DIRECTIONS FOR THIS TASK: Pictures are to be left out. Return exactly the lines below from the one with "組圖:國航客機在韓國墜毀 韓國方面搶救生還者 2002年04月15日" up to and including the one with "该院副院长、眼科专家王宁利介".

EXERCISE DATA:
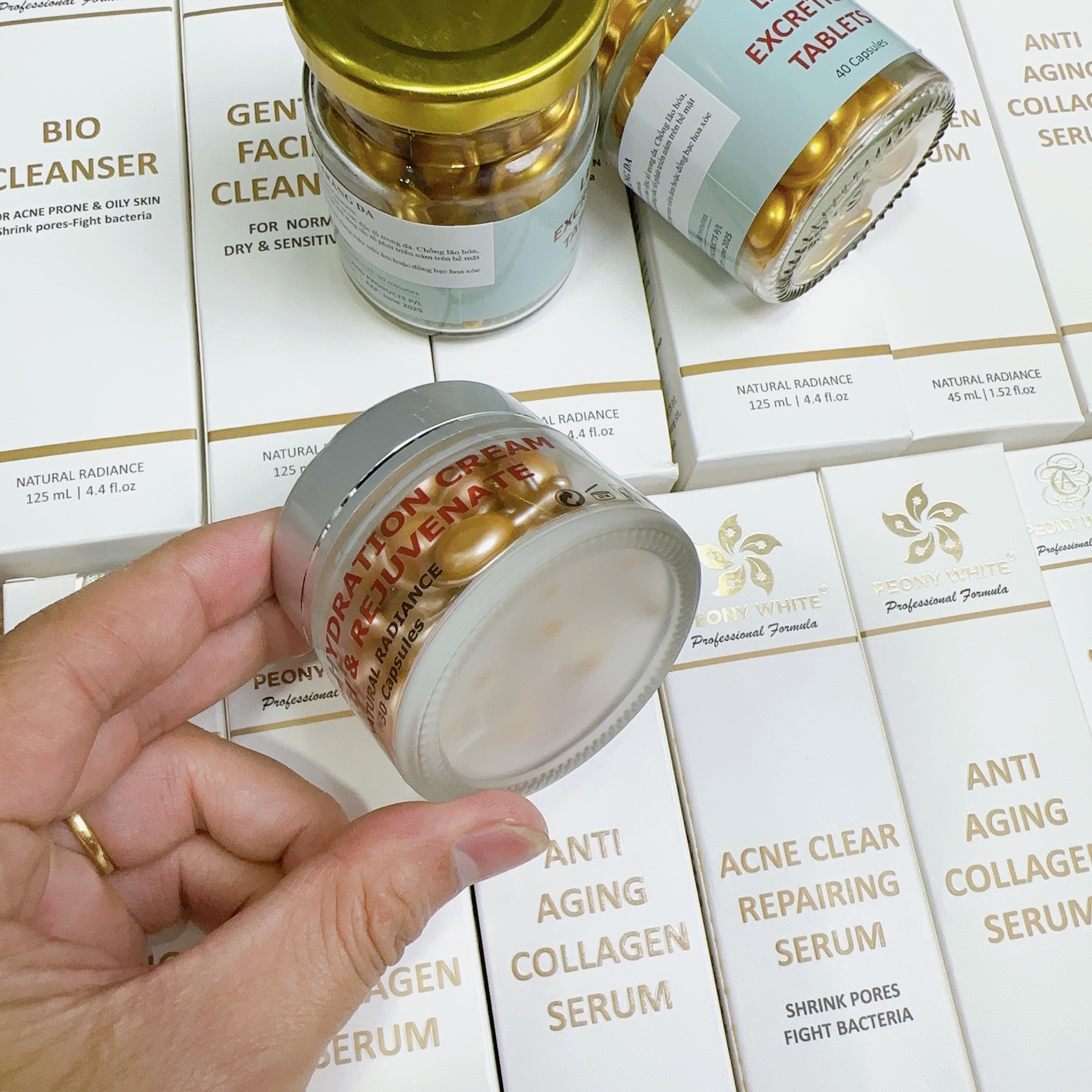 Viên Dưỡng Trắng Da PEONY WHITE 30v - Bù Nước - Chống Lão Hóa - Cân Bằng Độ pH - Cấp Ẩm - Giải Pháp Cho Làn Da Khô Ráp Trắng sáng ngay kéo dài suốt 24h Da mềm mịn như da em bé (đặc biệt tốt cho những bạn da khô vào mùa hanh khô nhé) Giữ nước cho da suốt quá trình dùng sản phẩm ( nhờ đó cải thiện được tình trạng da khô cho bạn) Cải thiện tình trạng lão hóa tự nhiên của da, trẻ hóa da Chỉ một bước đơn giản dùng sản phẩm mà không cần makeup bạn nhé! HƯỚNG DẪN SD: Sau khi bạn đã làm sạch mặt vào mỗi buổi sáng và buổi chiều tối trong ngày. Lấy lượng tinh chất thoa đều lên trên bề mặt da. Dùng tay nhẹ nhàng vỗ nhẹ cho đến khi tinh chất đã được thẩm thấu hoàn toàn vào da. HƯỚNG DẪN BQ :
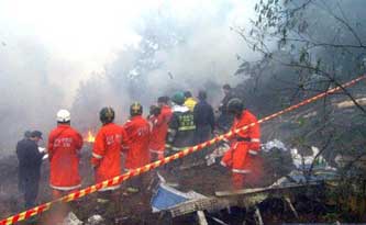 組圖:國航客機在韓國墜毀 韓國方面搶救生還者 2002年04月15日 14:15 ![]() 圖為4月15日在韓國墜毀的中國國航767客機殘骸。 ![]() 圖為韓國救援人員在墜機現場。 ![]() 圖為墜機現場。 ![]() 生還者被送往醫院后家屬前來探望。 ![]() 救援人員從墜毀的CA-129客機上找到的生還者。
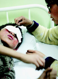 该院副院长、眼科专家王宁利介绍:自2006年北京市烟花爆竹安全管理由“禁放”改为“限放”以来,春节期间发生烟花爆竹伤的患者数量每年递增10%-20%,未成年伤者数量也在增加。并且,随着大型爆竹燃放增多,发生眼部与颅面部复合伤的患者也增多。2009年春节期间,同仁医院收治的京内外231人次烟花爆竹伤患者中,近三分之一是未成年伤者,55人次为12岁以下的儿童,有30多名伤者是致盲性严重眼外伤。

==

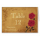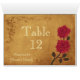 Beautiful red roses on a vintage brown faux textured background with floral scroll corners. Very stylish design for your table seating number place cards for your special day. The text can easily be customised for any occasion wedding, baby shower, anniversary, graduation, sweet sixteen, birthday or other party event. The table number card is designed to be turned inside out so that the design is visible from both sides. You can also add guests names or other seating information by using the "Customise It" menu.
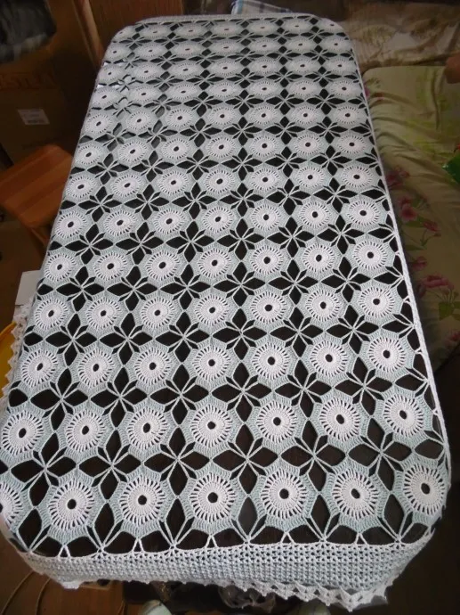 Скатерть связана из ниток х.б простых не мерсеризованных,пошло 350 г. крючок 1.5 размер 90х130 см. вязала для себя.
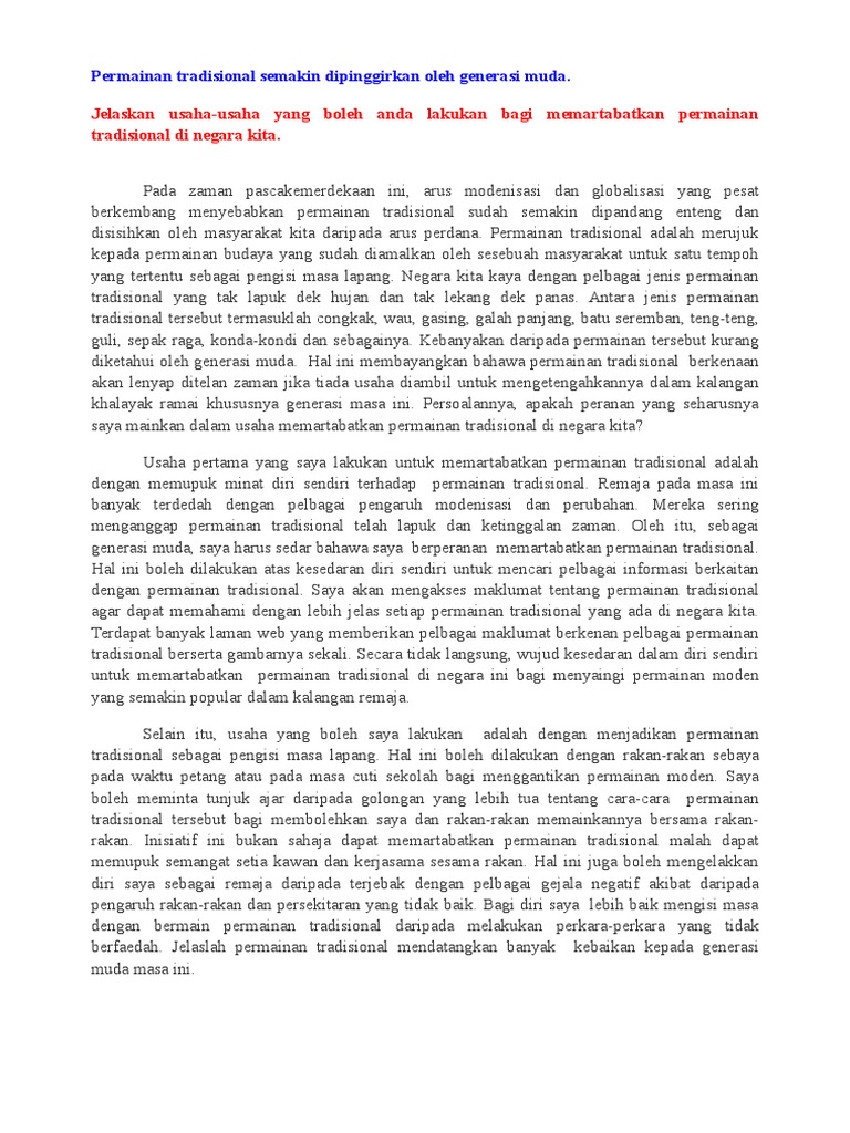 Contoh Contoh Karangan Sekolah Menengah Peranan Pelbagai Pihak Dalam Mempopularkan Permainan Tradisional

...

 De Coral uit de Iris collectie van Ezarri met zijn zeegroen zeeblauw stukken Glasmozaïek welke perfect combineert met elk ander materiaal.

REPLY TO THE EXERCISE:
 組圖:國航客機在韓國墜毀 韓國方面搶救生還者 2002年04月15日 14:15 ![]() 圖為4月15日在韓國墜毀的中國國航767客機殘骸。 ![]() 圖為韓國救援人員在墜機現場。 ![]() 圖為墜機現場。 ![]() 生還者被送往醫院后家屬前來探望。 ![]() 救援人員從墜毀的CA-129客機上找到的生還者。
 该院副院长、眼科专家王宁利介绍:自2006年北京市烟花爆竹安全管理由“禁放”改为“限放”以来,春节期间发生烟花爆竹伤的患者数量每年递增10%-20%,未成年伤者数量也在增加。并且,随着大型爆竹燃放增多,发生眼部与颅面部复合伤的患者也增多。2009年春节期间,同仁医院收治的京内外231人次烟花爆竹伤患者中,近三分之一是未成年伤者,55人次为12岁以下的儿童,有30多名伤者是致盲性严重眼外伤。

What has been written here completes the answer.